What you should do >> Please give back, exactly as written, the lines from the line with "脂の乗ったとろ鯖を香ばしく焼" to the line with "Проверка пропусков у" in the listing below, leaving out all pictures.

Recorded information >>
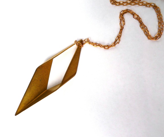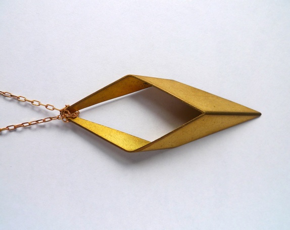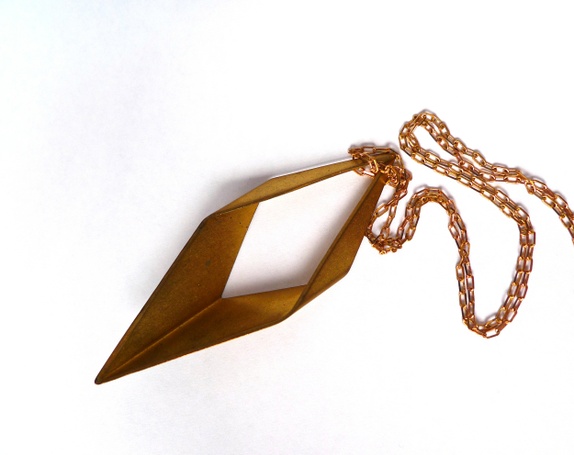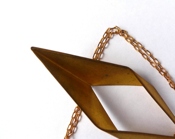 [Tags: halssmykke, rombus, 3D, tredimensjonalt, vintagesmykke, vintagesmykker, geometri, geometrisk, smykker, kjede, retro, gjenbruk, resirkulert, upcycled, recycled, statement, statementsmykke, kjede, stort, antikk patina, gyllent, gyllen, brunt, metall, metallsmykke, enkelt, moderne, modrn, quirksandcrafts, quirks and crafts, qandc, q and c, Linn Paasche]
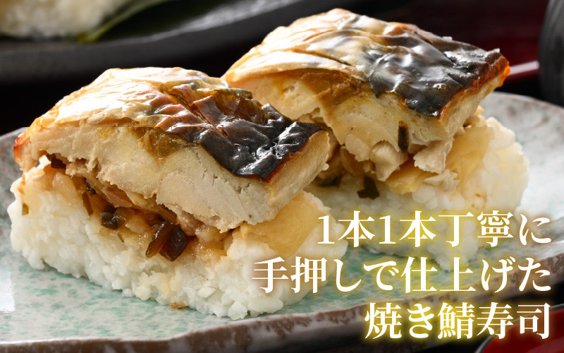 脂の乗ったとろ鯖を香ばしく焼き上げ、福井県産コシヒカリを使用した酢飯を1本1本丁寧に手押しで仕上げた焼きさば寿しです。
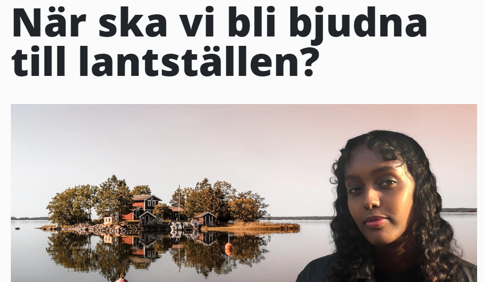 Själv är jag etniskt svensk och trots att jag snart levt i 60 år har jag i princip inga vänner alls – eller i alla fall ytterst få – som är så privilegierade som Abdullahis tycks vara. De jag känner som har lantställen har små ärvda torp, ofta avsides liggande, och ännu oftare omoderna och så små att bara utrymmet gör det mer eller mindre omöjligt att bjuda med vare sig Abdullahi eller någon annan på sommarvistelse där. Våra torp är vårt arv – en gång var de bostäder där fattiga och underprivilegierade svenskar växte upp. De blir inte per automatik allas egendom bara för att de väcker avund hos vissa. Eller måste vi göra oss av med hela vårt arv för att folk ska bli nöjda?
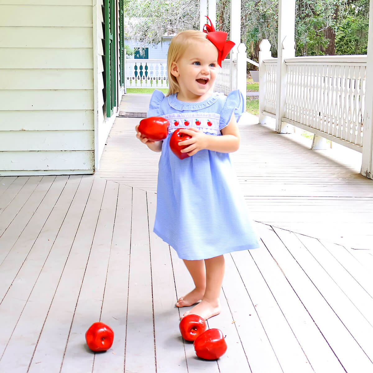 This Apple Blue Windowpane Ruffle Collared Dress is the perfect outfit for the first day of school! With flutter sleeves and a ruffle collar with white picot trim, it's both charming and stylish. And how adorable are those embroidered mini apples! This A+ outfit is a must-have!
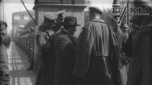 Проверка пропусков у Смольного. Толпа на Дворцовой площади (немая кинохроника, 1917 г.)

---

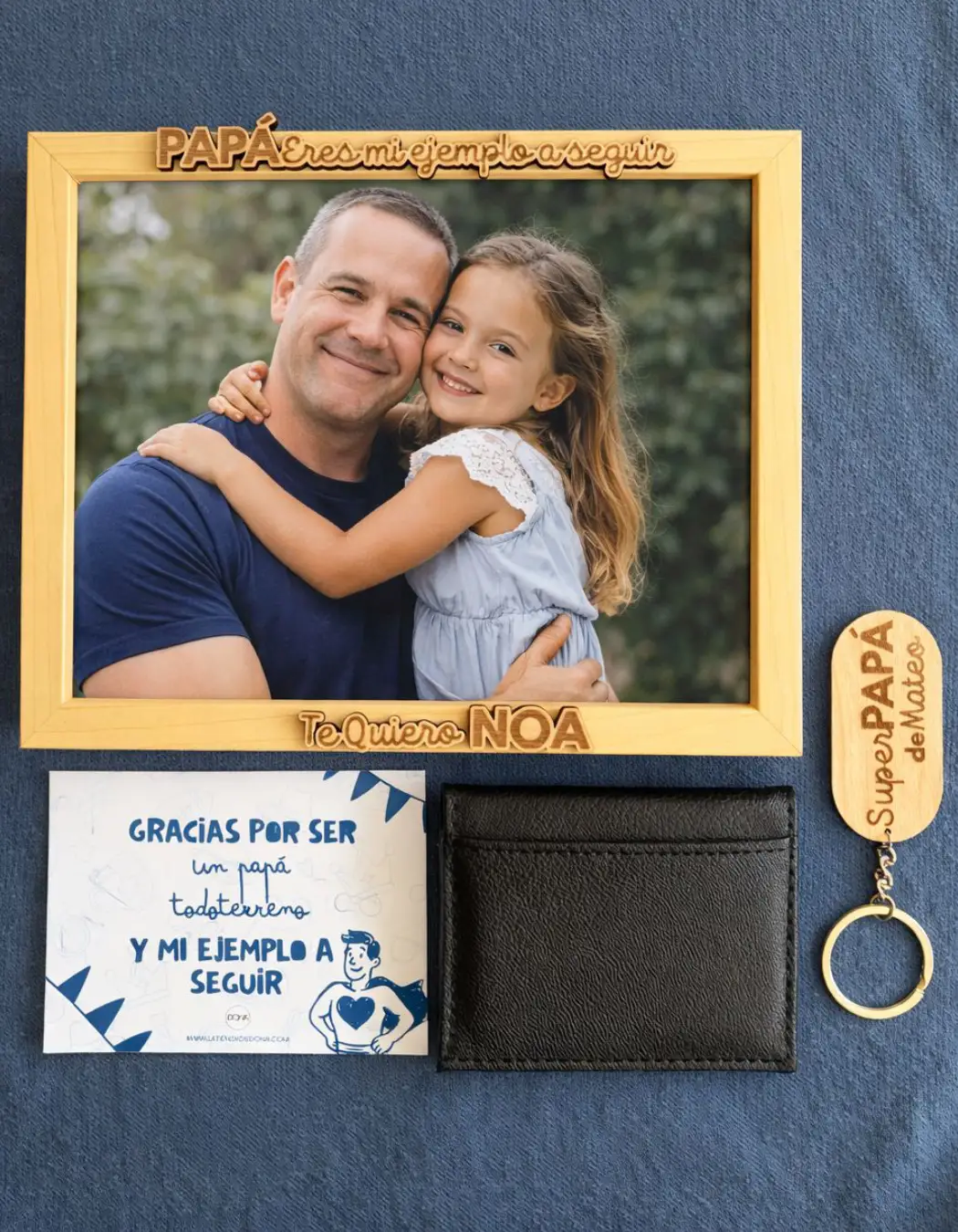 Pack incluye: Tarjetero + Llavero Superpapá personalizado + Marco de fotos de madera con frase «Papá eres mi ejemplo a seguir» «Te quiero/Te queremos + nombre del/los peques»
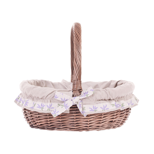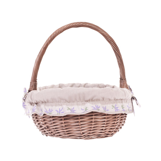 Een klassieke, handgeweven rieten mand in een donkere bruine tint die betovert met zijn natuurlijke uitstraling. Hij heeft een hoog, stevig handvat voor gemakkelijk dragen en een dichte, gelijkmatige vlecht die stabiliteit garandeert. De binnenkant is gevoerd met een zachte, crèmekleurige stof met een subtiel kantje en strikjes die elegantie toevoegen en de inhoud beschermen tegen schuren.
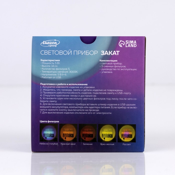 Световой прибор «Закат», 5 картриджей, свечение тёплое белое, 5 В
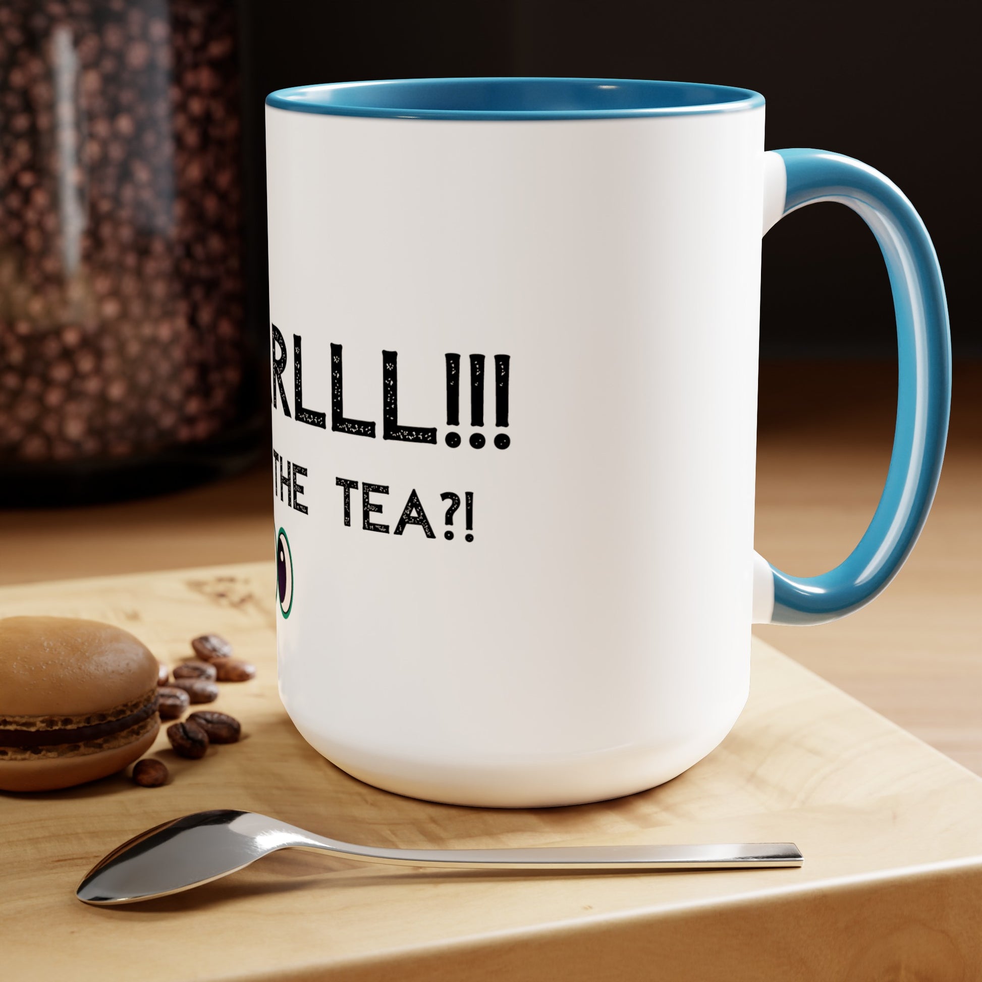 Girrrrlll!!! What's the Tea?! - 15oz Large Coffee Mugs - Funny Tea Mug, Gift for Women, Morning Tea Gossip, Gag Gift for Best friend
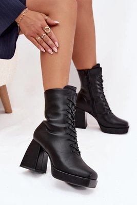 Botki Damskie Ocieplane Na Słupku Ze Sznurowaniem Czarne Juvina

Result >>
 脂の乗ったとろ鯖を香ばしく焼き上げ、福井県産コシヒカリを使用した酢飯を1本1本丁寧に手押しで仕上げた焼きさば寿しです。
 Själv är jag etniskt svensk och trots att jag snart levt i 60 år har jag i princip inga vänner alls – eller i alla fall ytterst få – som är så privilegierade som Abdullahis tycks vara. De jag känner som har lantställen har små ärvda torp, ofta avsides liggande, och ännu oftare omoderna och så små att bara utrymmet gör det mer eller mindre omöjligt att bjuda med vare sig Abdullahi eller någon annan på sommarvistelse där. Våra torp är vårt arv – en gång var de bostäder där fattiga och underprivilegierade svenskar växte upp. De blir inte per automatik allas egendom bara för att de väcker avund hos vissa. Eller måste vi göra oss av med hela vårt arv för att folk ska bli nöjda?
 This Apple Blue Windowpane Ruffle Collared Dress is the perfect outfit for the first day of school! With flutter sleeves and a ruffle collar with white picot trim, it's both charming and stylish. And how adorable are those embroidered mini apples! This A+ outfit is a must-have!
 Проверка пропусков у Смольного. Толпа на Дворцовой площади (немая кинохроника, 1917 г.)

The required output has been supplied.